$\forall x \exists y (p(x,y) \rightarrow p(y,x))$ says that for each $x$ there is a $y$, which may depend on $x$, such that if $p(x,y)$, then also $p(y,x)$. Let me write $xPy$ to mean $p(x,y)$.
Suppose that the statement is true, and fix a particular $x$. Then there’s some $y$, perhaps only one, such that $xPy\to yPx$. Under what circumstances is this true? The only time it’s false is when $xPy$ is true and $yPx$ is false; it’s true whenever $xPy$ is false, or $yPx$ is true, or both. Thus, if you can find a $y$ such that $x(\lnot P)y$, that $y$ works: $xPy\to yPx$ is vacuously true, because $xPy$ is false.
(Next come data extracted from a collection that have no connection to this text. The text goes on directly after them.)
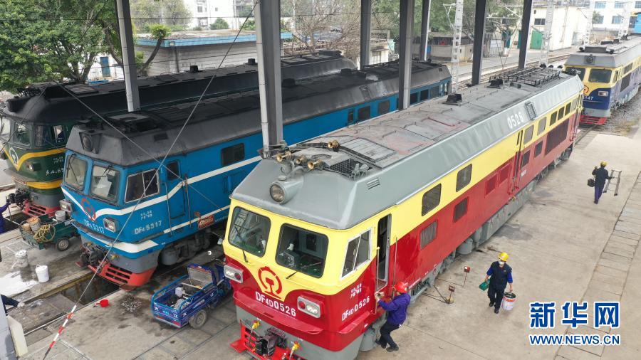 1月29日,在柳州机务段检修车间,卢刚民(右二)提着工具箱和毛线桶走出车间(无人机照片)。
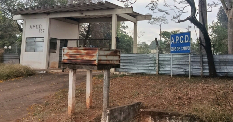 Clube fechado e em aparente abandono, contando apenas com a presença de um caseiro responsável pela guarda do imóvel.
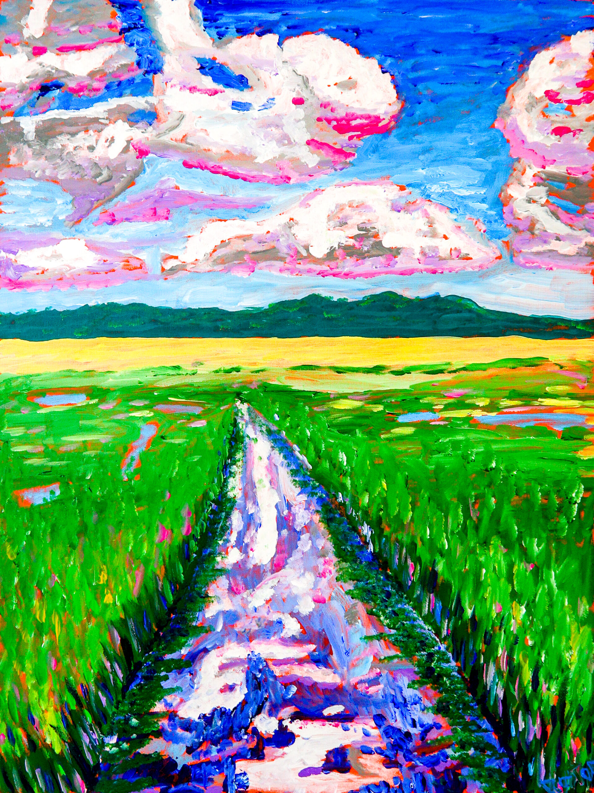 If you have never been to the low country of South Carolina you should go. At sunrise and sunet you can seeevery color in the spectrum. Thats what I tried to recreate here. A colorful path winds through lush green fields under a sky filled with bright, expressive clouds. The landscape is full of vivid, dynamic brushstrokes. To purchase this painting click here.
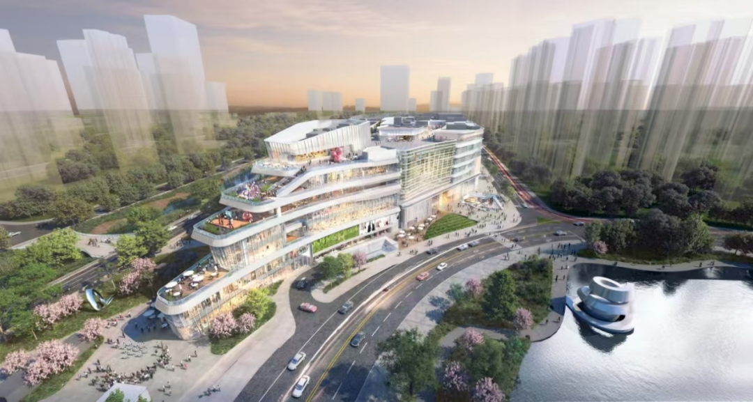 △武汉金茂览秀城项目规划概念图,形似一艘商业游轮。
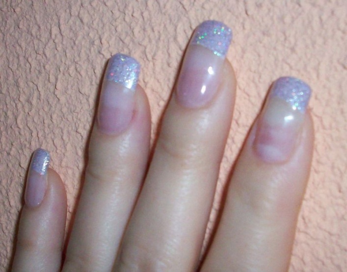 pokud jsem to dělala holčinám, tak jsem jim dala třpytky, tam kde končil vlastní nehet pod typem, aby jim nevadilo odrůstání, když si to nemohou sami zbrousit.
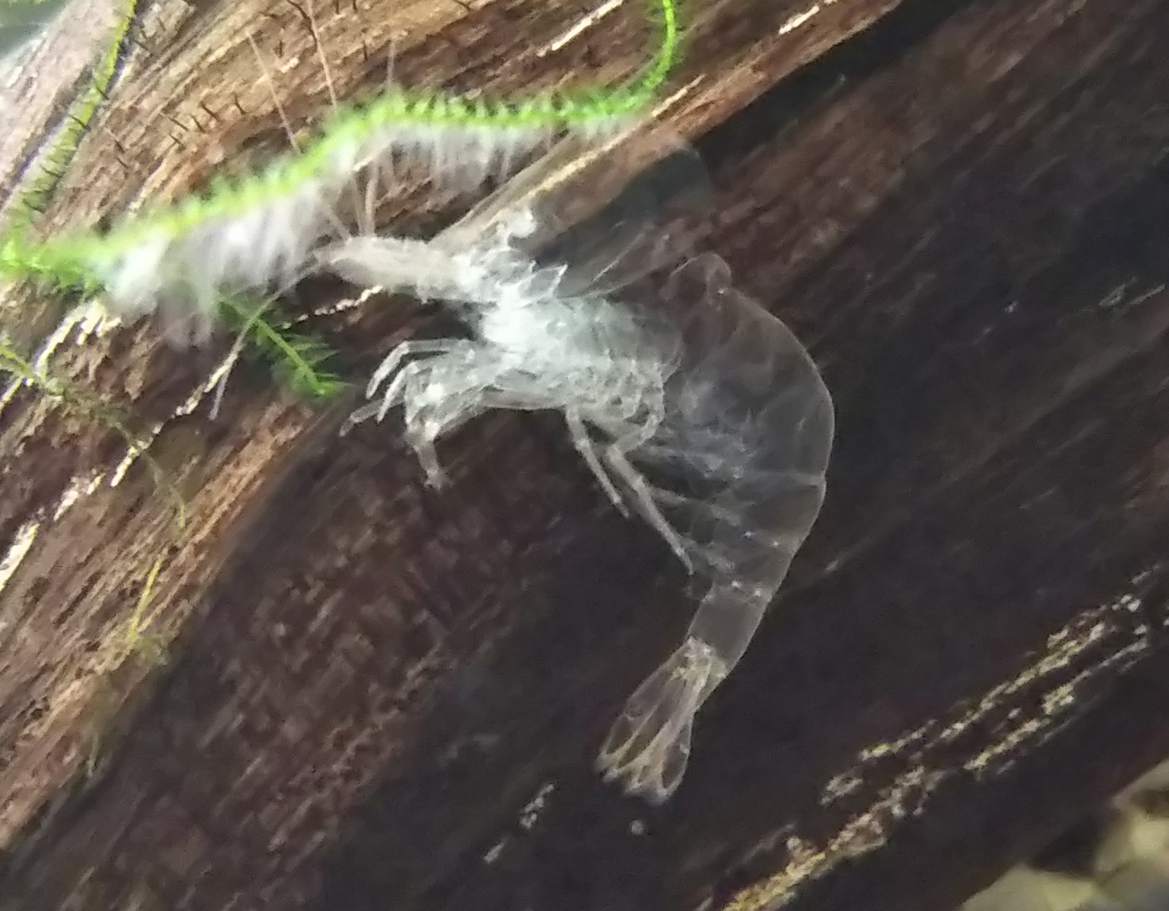 で、関係ないけどドジョウ水槽にてミナミヌマエビの抜け殻が綺麗に残ってた。
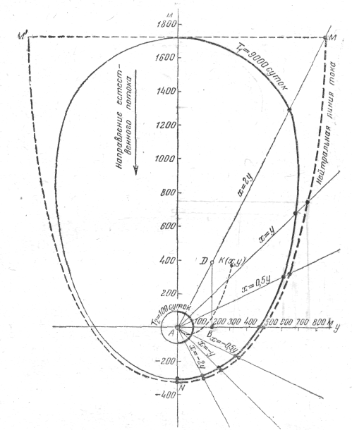 а) положение нейтральных или раздельных линий тока, которыми в плане ограничивается область питания или область захвата водозабора;

What if $xPy$ for every $y$, so that you can’t find such a $y$? If you can find a $y$ such that $yPx$, you can use it, because then $xPy\to yPx$ is true.
The only time you’re out of luck is when $xPy$ for every $y$, and there is no $y$ such that $yPx$: then no matter what $y$ you pick, $xPy$ is true and $yPx$ is false, so $xPy\to yPx$ is false.
$\forall x \exists y (p(x,y) \rightarrow p(y,x))$ therefore says that for each $x$ there is a $y$ such that either $x(\lnot P)y$, or $yPx$ (or both). Alternatively, it says that there is no $x$ such that for every $y$, $xPy$ and $y(\lnot P)x$: there is no $x$ that is related to everything but not from anything.
In fact, though, this is trivially true. Pick any $x$; if $xPx$, then $xPx\to xPx$, and we can simply let $y=x$. If $x(\lnot P)x$, then again $xPx\to xPx$, this time vacuously (because the antecedent is false), and we can let $y=x$. Thus, $\forall x \exists y (p(x,y) \rightarrow p(y,x))$ is true of any relation, because for each $x$ we can take $y=x$ and have $p(x,y) \rightarrow p(y,x)$.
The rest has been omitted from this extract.